◆ **Directions for this task**:
Look below for the lines from the one with "รณรงค์ความปลอดภัยทางถนนช่วงเทศกาลสงกรานต์ 2568 ภายใต้โครงการ" to the one with "主旨:檢送本所辦理「2024 臺南胡麻季產業文化活動- 臺南", and copy exactly those lines, both ends included.

START Dataset excerpts

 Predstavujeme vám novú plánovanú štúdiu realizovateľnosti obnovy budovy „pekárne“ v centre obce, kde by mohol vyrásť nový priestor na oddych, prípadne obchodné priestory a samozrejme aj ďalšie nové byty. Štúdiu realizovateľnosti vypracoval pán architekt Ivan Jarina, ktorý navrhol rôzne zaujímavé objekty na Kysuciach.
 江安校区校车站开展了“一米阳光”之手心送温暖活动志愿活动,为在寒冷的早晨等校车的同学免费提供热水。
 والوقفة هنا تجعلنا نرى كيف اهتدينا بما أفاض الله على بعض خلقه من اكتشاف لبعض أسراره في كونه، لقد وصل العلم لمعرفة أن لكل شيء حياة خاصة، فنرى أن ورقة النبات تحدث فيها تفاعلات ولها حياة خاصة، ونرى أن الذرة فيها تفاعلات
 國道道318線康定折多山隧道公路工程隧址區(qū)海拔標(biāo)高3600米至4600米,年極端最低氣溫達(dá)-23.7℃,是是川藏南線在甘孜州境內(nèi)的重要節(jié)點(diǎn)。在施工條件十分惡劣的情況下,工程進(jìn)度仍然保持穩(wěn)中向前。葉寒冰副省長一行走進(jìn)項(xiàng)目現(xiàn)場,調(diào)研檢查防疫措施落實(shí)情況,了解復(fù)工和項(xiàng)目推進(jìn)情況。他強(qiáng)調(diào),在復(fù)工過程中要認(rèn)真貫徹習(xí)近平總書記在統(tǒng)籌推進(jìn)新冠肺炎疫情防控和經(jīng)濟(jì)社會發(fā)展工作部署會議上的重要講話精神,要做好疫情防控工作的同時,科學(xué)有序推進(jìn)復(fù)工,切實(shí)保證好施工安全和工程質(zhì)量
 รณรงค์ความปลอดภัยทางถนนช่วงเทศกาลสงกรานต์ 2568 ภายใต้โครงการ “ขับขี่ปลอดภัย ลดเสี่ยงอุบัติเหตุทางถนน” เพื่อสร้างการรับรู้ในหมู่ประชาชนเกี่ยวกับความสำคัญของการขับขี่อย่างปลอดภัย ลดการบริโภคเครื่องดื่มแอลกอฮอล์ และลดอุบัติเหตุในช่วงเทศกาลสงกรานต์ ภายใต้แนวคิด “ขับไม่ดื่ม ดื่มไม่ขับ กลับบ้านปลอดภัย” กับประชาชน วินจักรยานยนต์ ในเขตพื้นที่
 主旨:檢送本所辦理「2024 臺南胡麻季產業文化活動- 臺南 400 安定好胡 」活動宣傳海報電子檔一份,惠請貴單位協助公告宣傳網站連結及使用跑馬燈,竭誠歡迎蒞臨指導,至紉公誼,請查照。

END Dataset excerpts
START Dataset excerpts

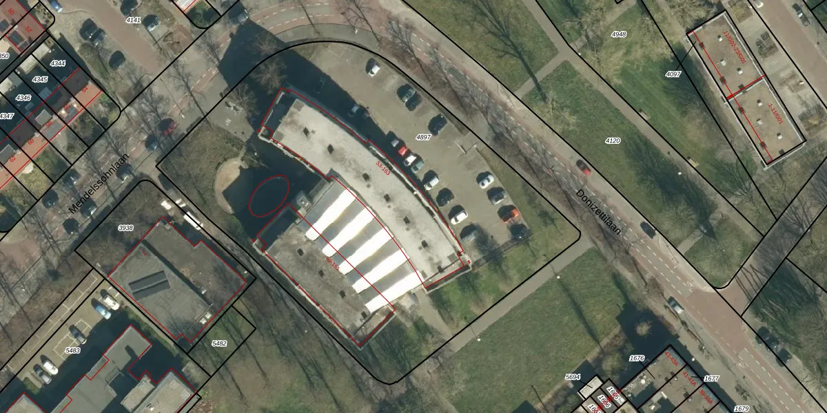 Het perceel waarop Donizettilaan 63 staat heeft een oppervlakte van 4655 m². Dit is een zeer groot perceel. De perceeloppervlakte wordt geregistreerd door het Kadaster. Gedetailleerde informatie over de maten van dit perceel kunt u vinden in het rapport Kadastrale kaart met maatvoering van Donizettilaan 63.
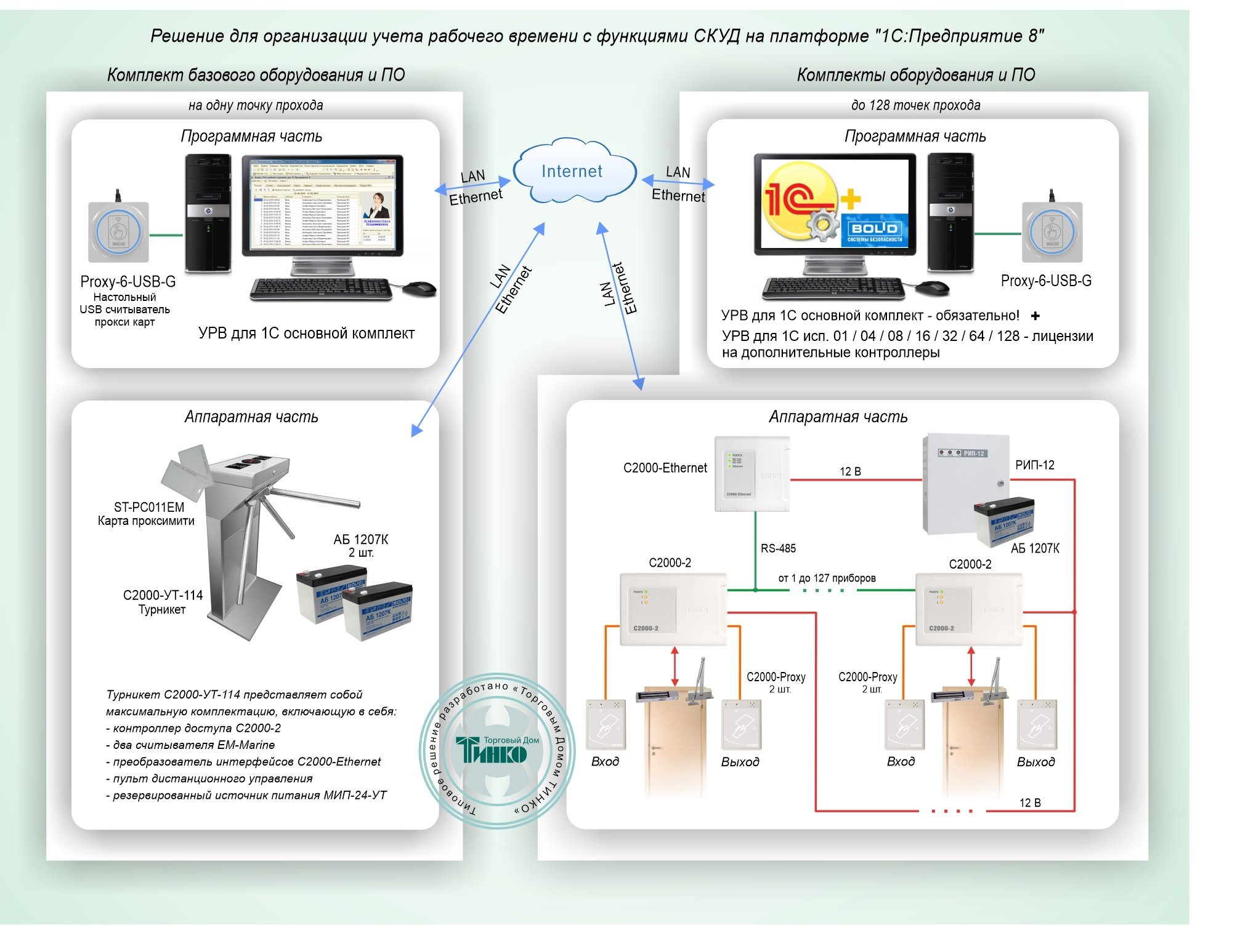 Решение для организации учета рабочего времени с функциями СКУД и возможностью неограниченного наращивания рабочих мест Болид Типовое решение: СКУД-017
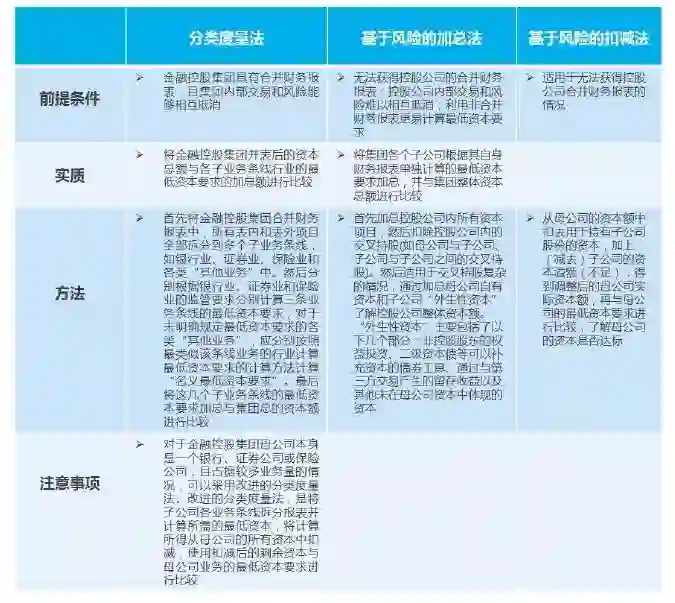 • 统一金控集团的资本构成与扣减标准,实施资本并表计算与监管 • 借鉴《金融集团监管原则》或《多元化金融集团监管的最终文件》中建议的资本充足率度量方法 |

END Dataset excerpts

◆ **Task answer**:
 รณรงค์ความปลอดภัยทางถนนช่วงเทศกาลสงกรานต์ 2568 ภายใต้โครงการ “ขับขี่ปลอดภัย ลดเสี่ยงอุบัติเหตุทางถนน” เพื่อสร้างการรับรู้ในหมู่ประชาชนเกี่ยวกับความสำคัญของการขับขี่อย่างปลอดภัย ลดการบริโภคเครื่องดื่มแอลกอฮอล์ และลดอุบัติเหตุในช่วงเทศกาลสงกรานต์ ภายใต้แนวคิด “ขับไม่ดื่ม ดื่มไม่ขับ กลับบ้านปลอดภัย” กับประชาชน วินจักรยานยนต์ ในเขตพื้นที่
 主旨:檢送本所辦理「2024 臺南胡麻季產業文化活動- 臺南 400 安定好胡 」活動宣傳海報電子檔一份,惠請貴單位協助公告宣傳網站連結及使用跑馬燈,竭誠歡迎蒞臨指導,至紉公誼,請查照。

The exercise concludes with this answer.